Il y a de nombreux exemples de livres, de séries ou de films de SF montrant des astronefs, humains ou pas, dérivant dans l’espace ou en orbite (voire dans l’atmosphère) d’une quelconque planète. J’ai déjà cité l’emblématique Rendez-vous avec Rama d’Arthur C. Clarke (et comment mentionner l’auteur sans parler de Discovery dans 2010, où l’astronef dérive vers Io ?), mais on peut également évoquer le film Event Horizon, qui montre la subite réapparition, dans l’atmosphère de Neptune, d’un prototype de vaisseau supraluminique disparu sept ans plus tôt. Ce qui est également la durée depuis laquelle Icarus I est perdu corps et biens dans le long-métrage Sunshine. Et c’est aussi aux alentours de Neptune qu’est découvert un vaisseau colonisateur vieux de plusieurs siècles et qui est censé être à des années-lumière de là (ou détruit) dans The wrong stars. On peut enfin rappeler le cas du Proteus, croisé par la famille Robinson dans Perdus dans l’espace (le film), ou celui du vaisseau martien qui est l’objet de toutes les convoitises dans Anges déchus de Richard Morgan.

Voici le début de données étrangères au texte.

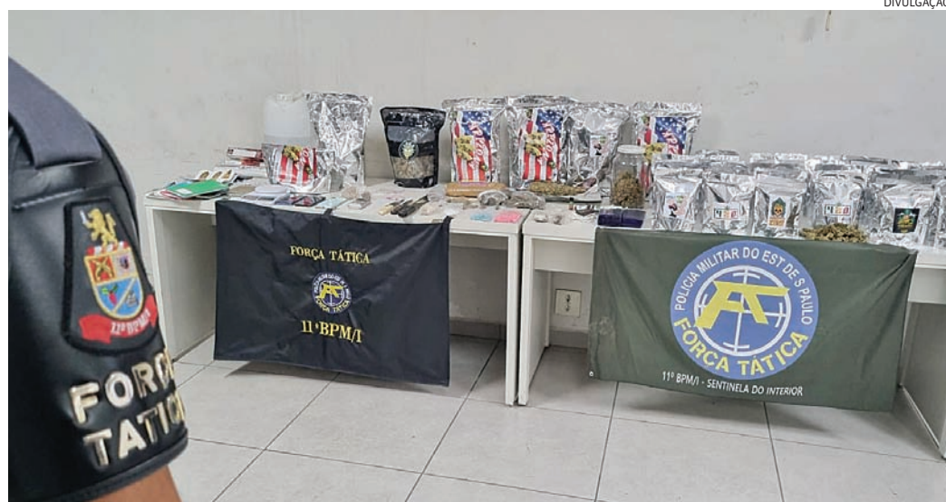
A droga foi encontrada dentro da casa pelos policiais militares

O suspeito recebeu voz de prisão e foi levado para a delegacia, onde teve determinada sua prisão em flagrante, sendo encaminhado ao Centro de Triagem de Campo Limpo Paulista.
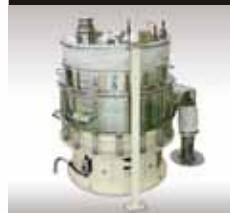
インラインマグネット

Contrairement à Rama, le « caillou » (tel qu’il est surnommé) d’Éon, roman de Greg Bear, n’est pas confondu avec un astéroïde, mais en est réellement un, de 290 km de diamètre, venu d’au-delà du système solaire et présentant une étonnante ressemblance avec Junon, la troisième planète mineure découverte autour du Soleil. Alors qu’il passe sur une orbite proche de celle de la Terre, on y envoie une expédition, qui découvre que sept chambres ont été creusées et terraformées le long de son axe central. Deux d’entre elles contiennent des cités minutieusement entretenues par des systèmes automatiques mais vides d’occupants, et la septième, elle, semble… ne pas avoir de fin ! Elle est prolongée par un espace-temps tubulaire surnommé la Voie, potentiellement infini et en contact avec pléthore d’univers parallèles.

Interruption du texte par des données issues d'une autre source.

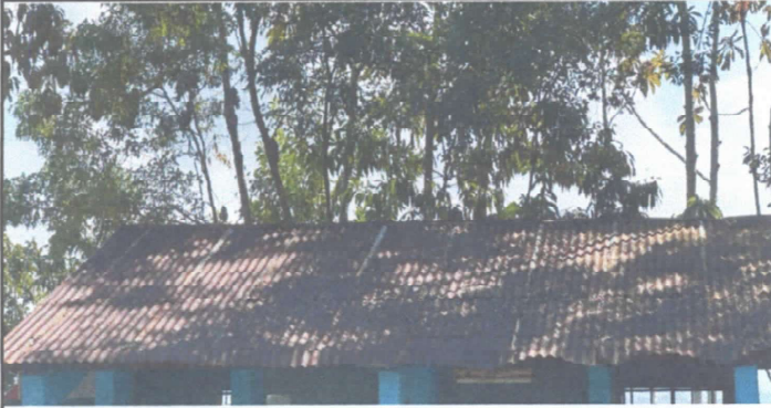
Foto 1. Sustitución de lámina, por lámina troquelada aluzinc calibre 26

290 Km ? Mouais, c’est pas mal. Mais à côté du Grand Vaisseau de Robert Reed, ce n’est rien ! De la taille de Jupiter, cet astronef (présumé intergalactique) à la dérive est abordé par une civilisation d’humains avancés, qui sont les premiers à le revendiquer et le convertissent en paquebot faisant le tour de la galaxie. A terme, ce sont 200 milliards d’êtres appartenant à diverses races extraterrestres qui vivront ou voyageront à bord !

Le téléfilm La cinquième dimension, se déroulant à la même époque que la quatrième saison de Babylon 5, situe, lui, l’épave carrément… dans l’Hyperespace. Dérivant loin des balises, elle est découverte par hasard et prise tout d’abord pour un vaisseau, alors qu’il s’agirait, selon les hypothèses des scientifiques, d’une porte spatiale pouvant donner accès à une nouvelle forme ou strate d’Hyperespace, permettant des déplacements bien plus rapides. En réalité, il s’agit d’un appareil expérimental créé par les Vorlons (une des races les plus avancées de cet univers) il y a un million d’années pour entrer en contact avec un autre cosmos, peuplé d’êtres encore plus anciens et évolués qu’eux (en gros, le but était de communiquer avec les « dieux »). Des créatures qui se révéleront en fait épouvantablement malveillantes (et très Lovecraftiennes) et déterminées à éradiquer toute forme de vie !

Attention, tous les vaisseaux semblant à la dérive ne sont pas obligatoirement en perdition : Rama, par exemple, obéit à un programme automatique et n’est ni réellement abandonné (son équipage est dans une forme très particulière de stase, disons), ni sujet à une trajectoire erratique mais au contraire bien précise. C’est juste que, du point de vue humain, il est d’abord pris pour un objet astronomique, puis pour une Mary Celeste (la référence incontournable de ce thème science-fictif) et pas pour un astronef en parfait état de marche. Mais nous aurons l’occasion de reparler de certains thèmes connexes dans le futur épisode consacré aux BDO (Big Dumb Objects).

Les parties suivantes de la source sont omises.